None of it seems to be adding up anymore though. I used to be able to confidently carry myself into these matches knowing that I have put in all the other work, and that the things inside the ring would just come together. Lately, they just aren't coming together like that. I'm making mistakes. More importantly, my opponents have been able to capitalize on those mistakes. For the first time ever in my career, I am on a losing streak. Since coming back, I have been losing a lot more than I have been winning. I can recognize it. I can admit it, and I'm not making any excuses for it.

Like I've said, I'm not even certain what's going wrong. None of the idiots at Jet City South have had any wisdom to impart either. For all of the mentors supposedly helping me, none of them seem to have an answer for this one. Then again, they are all too good to admit even half of the stuff that I am talking about now. If you ask either of the Mixed Tag Team Champions, they'd never even admit having lost a match before let alone dealing with a losing streak. There's no way anything that they have to say can help me.
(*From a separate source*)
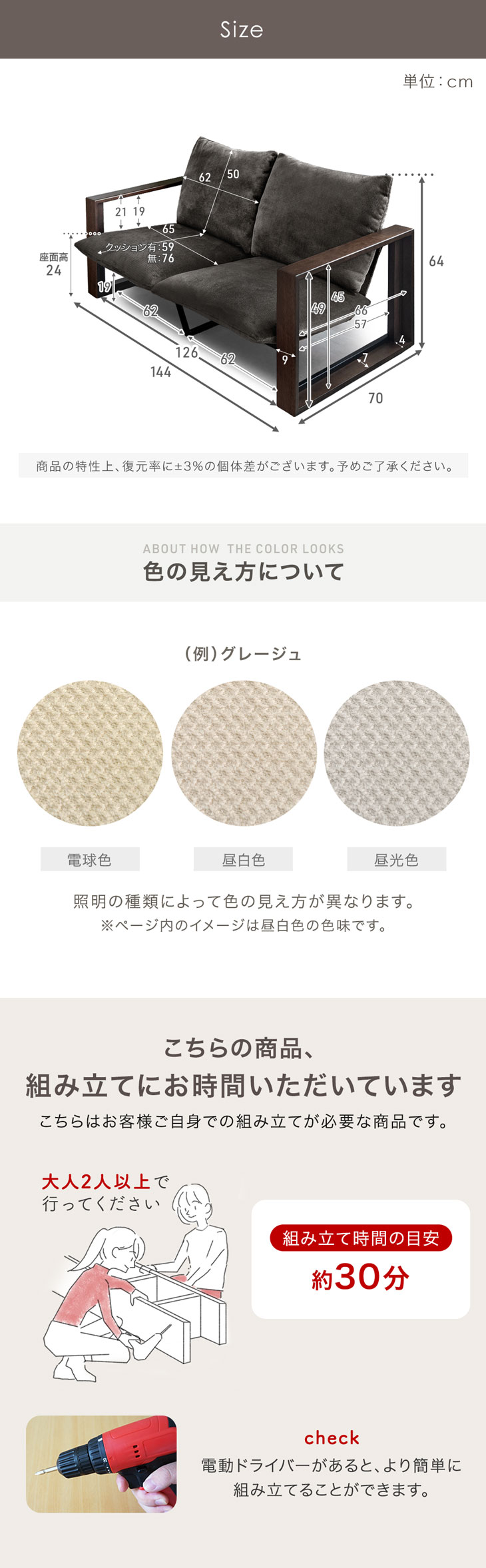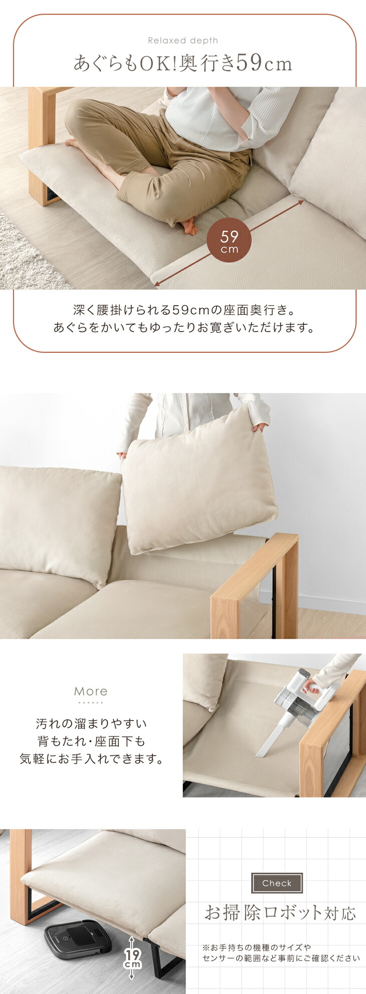 ※座面・クッションのファスナーは製造時に必要なものであり、取り外し・洗濯はできません。

The only thing that I can do is keep showing up and hoping that eventually I break through whatever is holding me back. If I am going to find an answer, my guess is that it is going to be somewhere in that six sided ring. Hopefully I find it sooner rather than later, because as it stands I am quickly becoming the next Jessie Salco-esque punchline around here.

All I can say is that I worked too hard to make it back to just pack and up and leave at the first sign of bad luck. I don't know how many times I am going to have to lose before things put themselves back together, but I'm not going to get discouraged. I'm not going to stop showing up. For all I know, I have two years worth of ring rust to work off, and I'm not quite back up to speed. Maybe it's been so long since I was at the top of my game that I don't even know what that's supposed to be like.

I know that I still want to be here. I know that there is fight left in me.

Maybe Char Kwan finds some way to bring out the best in me. Maybe this match will be what I need to shake myself free of the nightmare situation that I have been living in over the last month. She hasn't exactly found herself on the winning side of things very often lately, so my chance to pull out the win here is just as good as hers.

I won't quit. I won't go home a failure.

I'm going down to that ring Sunday.

This is where I was meant to be. This is what I was meant to do.

Fuck everything else and anyone that disagrees.